**Records drawn from a dataset:**

***

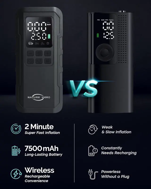 Nature Hero combines innovative technology with high-quality materials to create durable portable electric air pumps. You can enjoy quality assured craftsmanship with safety-enhanced design and stay emergency-ready solution at all times.
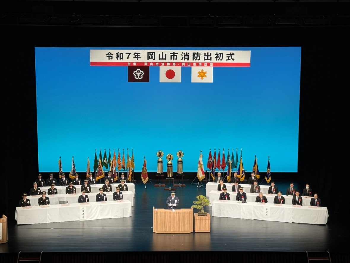 朝より出初式へ。岡山芸術創造劇場(ハレノワ)で初開催。団員さんの日ごろの活動に敬意を表します。受賞された団員の皆さん、おめでとうございます。
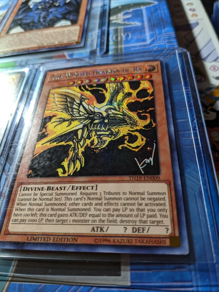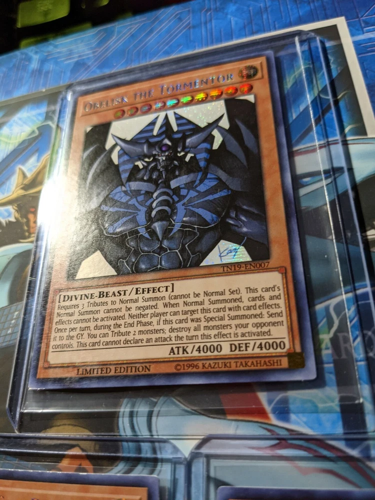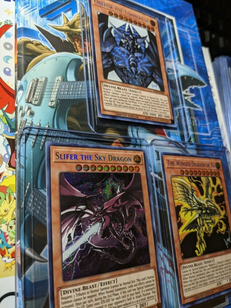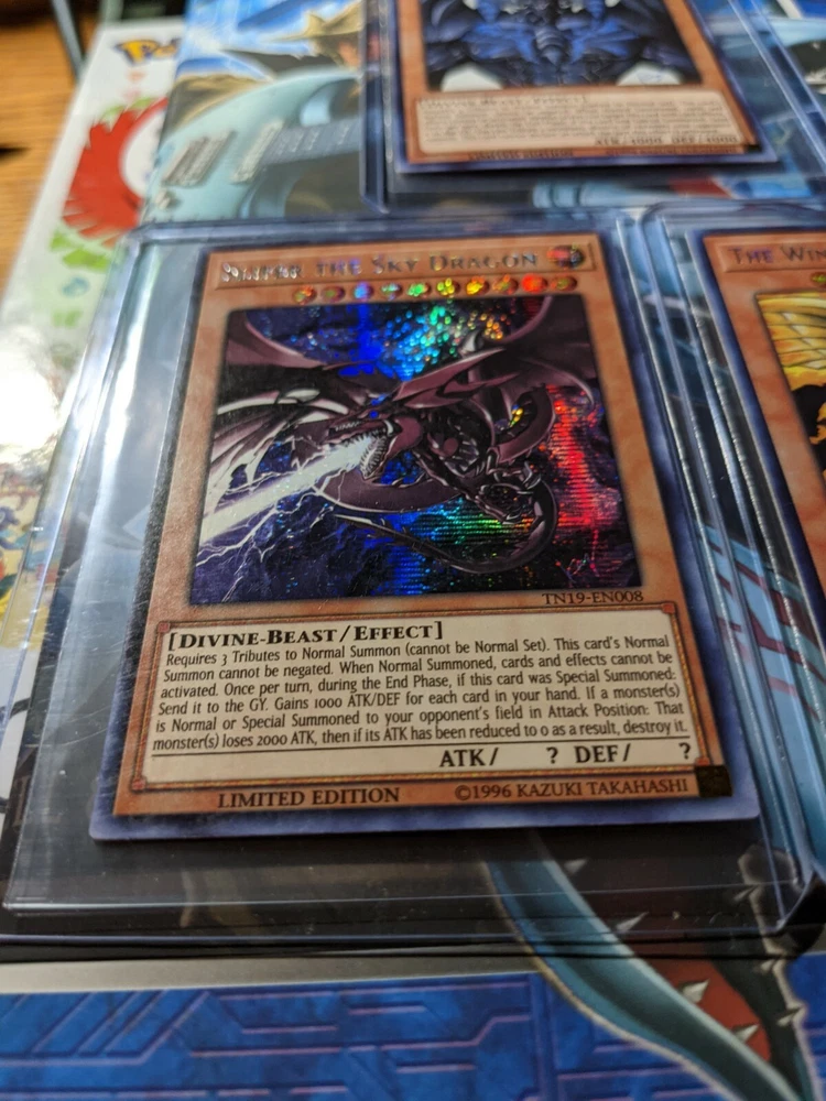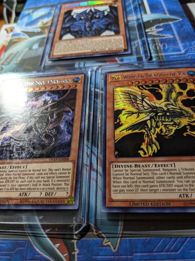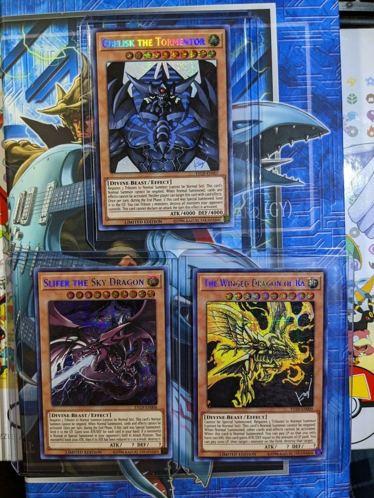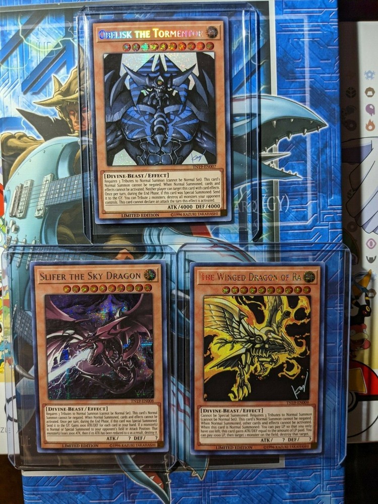 YuGiOh Obelisk Slifer and Ra Bundle - TN19-EN007,EN008,EN009 Yugioh Cards Bundle of Three cards: Obelisk The Tormentor, Slifer The Sky Dragon, And The Winged Dragon of Ra. All Prismatic Secret Rare and all are Scratched on both sides. TN19-EN007, TN19-EN008, TN19-EN009 Feel free to reach out if you have any questions or concerns! I ship all cards in a single sleeve along with a plastic toploader as seen in the last image in the listing (For Free!). I will also protect this in between two pieces of foam board to help prevent bending during shipping. Card(s) will be mailed in a bubble mailer not an envolope with Free Tracking! Free Shipping on orders above $5 USD! Bundled shipping is available and highly encouraged for huge discounts! International Buyers please note, I am based in the United States and ship globally through eBay's Global Shipping Program. You are responsible for any additional import charges. Any Trading Card orders will also recieve a FREE random Non-holo trading card from any year from my personal collection (sometimes additional chance of bonus items especially for multi-card orders)! Are you a Trading Card Collector or TCG player? Save my store! I'll be listing my entire collection as quickly as I can! Pokemon, Yugioh, Magic the Gathering and custom metal cards! All Trading Cards are stored safely and cared for. They have been stored in a plastic card case and kept in a Storage Box, protected all these years. They were sleeved over time slowly. Please see images for condition as I try to ensure proper lighting/angles to show any and all possible scratches and other potential damage that you should know about. What you see is what you get!
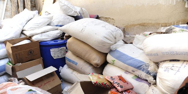 ضبط 15 طنا من مواد الإغاثة الغذائية في منطقة الميدان بدمشق معدة للبيع
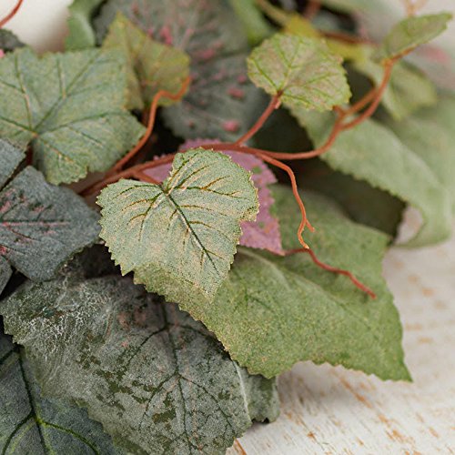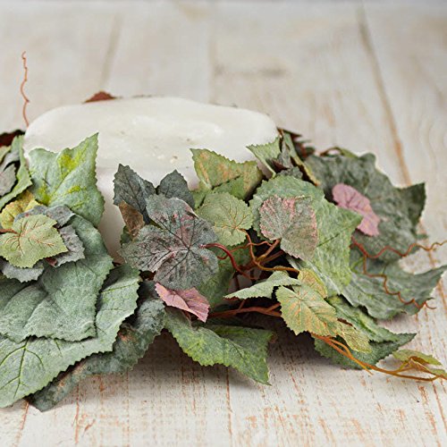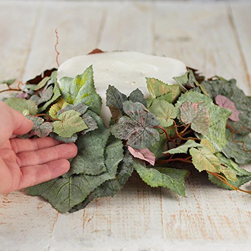 Factory Direct Craft Set of 2 Flocked Green Artificial Grape Leaf Candle Rings With Burgundy Accents for Displaying, Crafting and Decorating
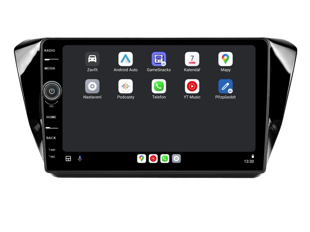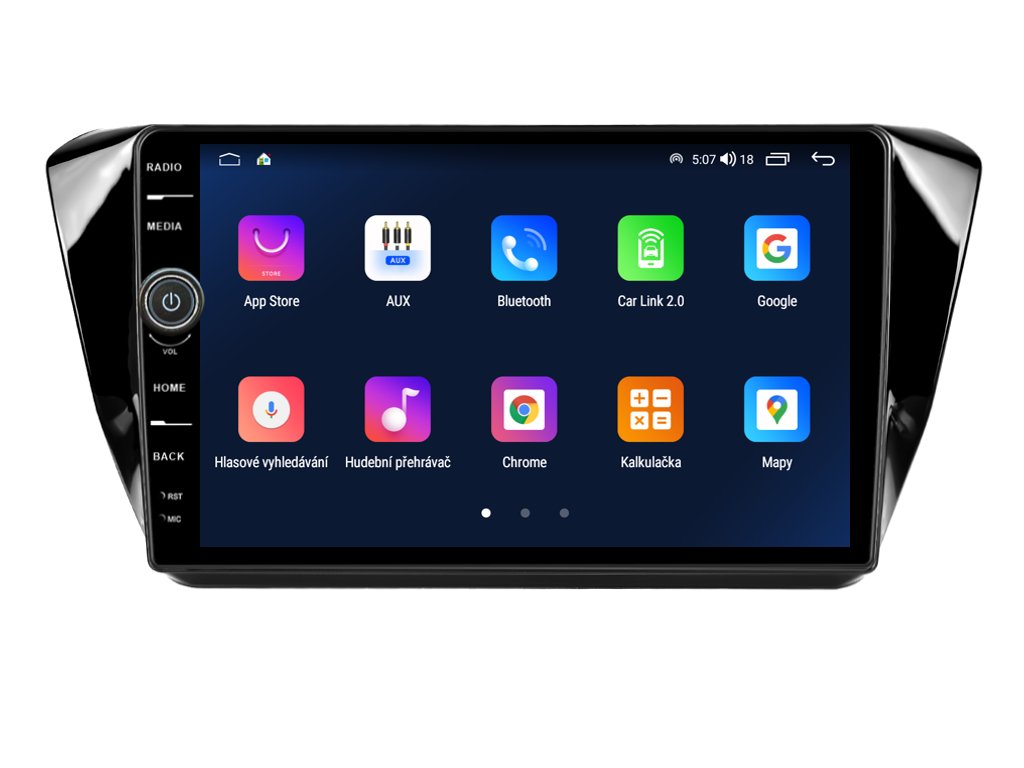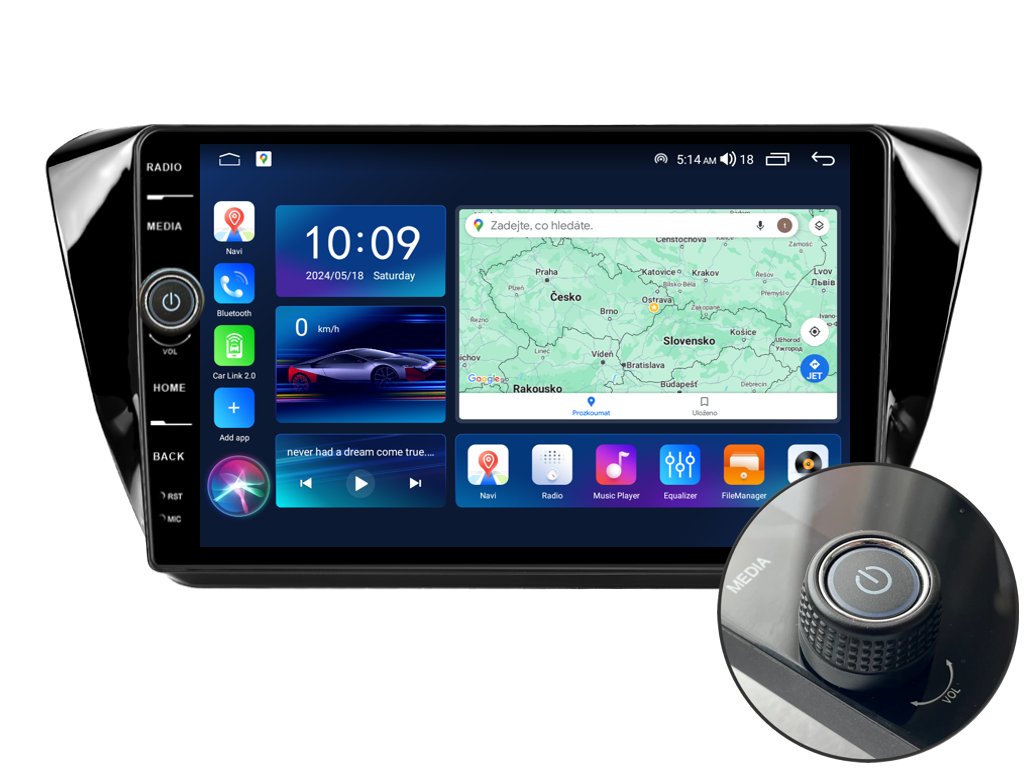2DIN autorádio Everest EVE07 pro Škoda Superb III nastavuje nové standardy ve světě multimediálních technologií. Na první pohled zaujme svou 10,1 palcovou QLED obrazovkou s neuvěřitelným rozlišením 1280 x 800. Lze na ní sledovat video i prohlížet fotografie s podporou Android aplikacemi. O špičkový výkon a plynulý běh aplikací se stará stabilní software s 8-jádrovým procesorem ve spolupráci se 6 GB RAM. Náročný posluchač jistě ocení funkci DSP neboli digitální signálový procesor, který násobně zvyšuje kvalitu reprodukce. Za pomocí 4G modulu se z Vašeho autorádia stane smartphone, ze kterého můžete hravě odesílat SMS zprávy, využívat online GPS navigaci s aktuální dopravní situací či využívat další cenné funkce. Váš mobilní telefon již zůstane navždy v kapse díky bezdrátové funkci CarPlay a Android Auto. Díky operačnímu systému Android 14 budete mít ve svém automobilu kompletní multimediální centrum přeplněné funkcemi a aplikacemi. Pohled z parkovací kamery Vám umožní bezpečné a ničím nerušené couvání. Autorádio nabízí možnost výběru z různých jazyků, které obsahují přeloženou základní část systému do českého jazyka.
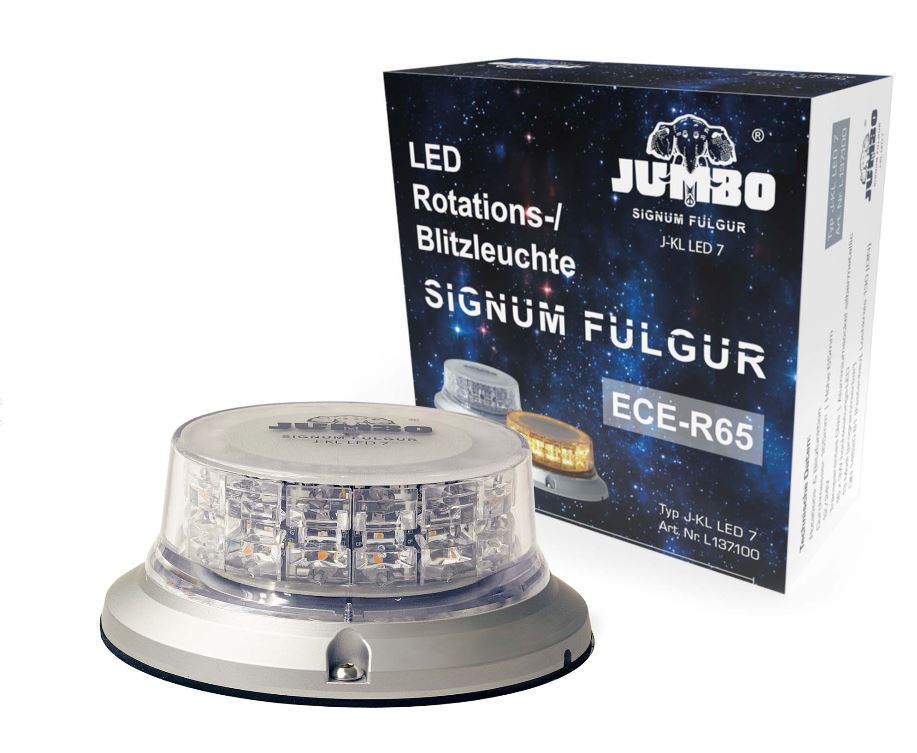 Jumbo J-KL LED Rotations-/Blitzleuchte mit transparentem Glas und silbernem Alusockel, daneben die Produktverpackung.
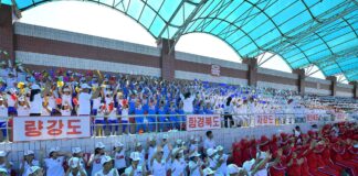 El centro acondicionado de forma peculiar en la zona de Hwasong, Pyongyang, capital de la RPD de Corea está lleno de visitantes diariamente.
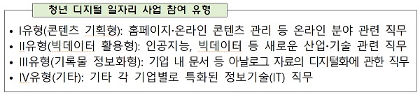 대상 기업이 사업 유형에 부합하는 정보기술(IT) 직무에 청년(만 15~34세)을 채용하고 3개월 이상 근로계약(정규직 포함)·4대 보험 가입 등 근로조건을 충족하면 지원을 받을 수 있다.
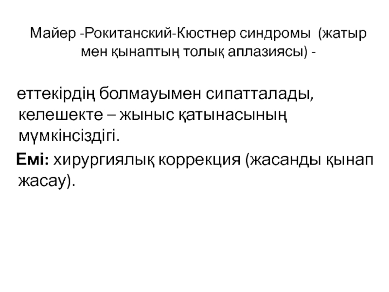 Слайд 47Майер -Рокитанский-Кюстнер синдромы (жатыр мен қынаптың толық аплазиясы) -

***

Write out the records above exactly. Begin with the first line, end with the line holding "朝より出初式へ。岡山芸術創造", and drop the pictures.

**Exercise result:**
 Nature Hero combines innovative technology with high-quality materials to create durable portable electric air pumps. You can enjoy quality assured craftsmanship with safety-enhanced design and stay emergency-ready solution at all times.
 朝より出初式へ。岡山芸術創造劇場(ハレノワ)で初開催。団員さんの日ごろの活動に敬意を表します。受賞された団員の皆さん、おめでとうございます。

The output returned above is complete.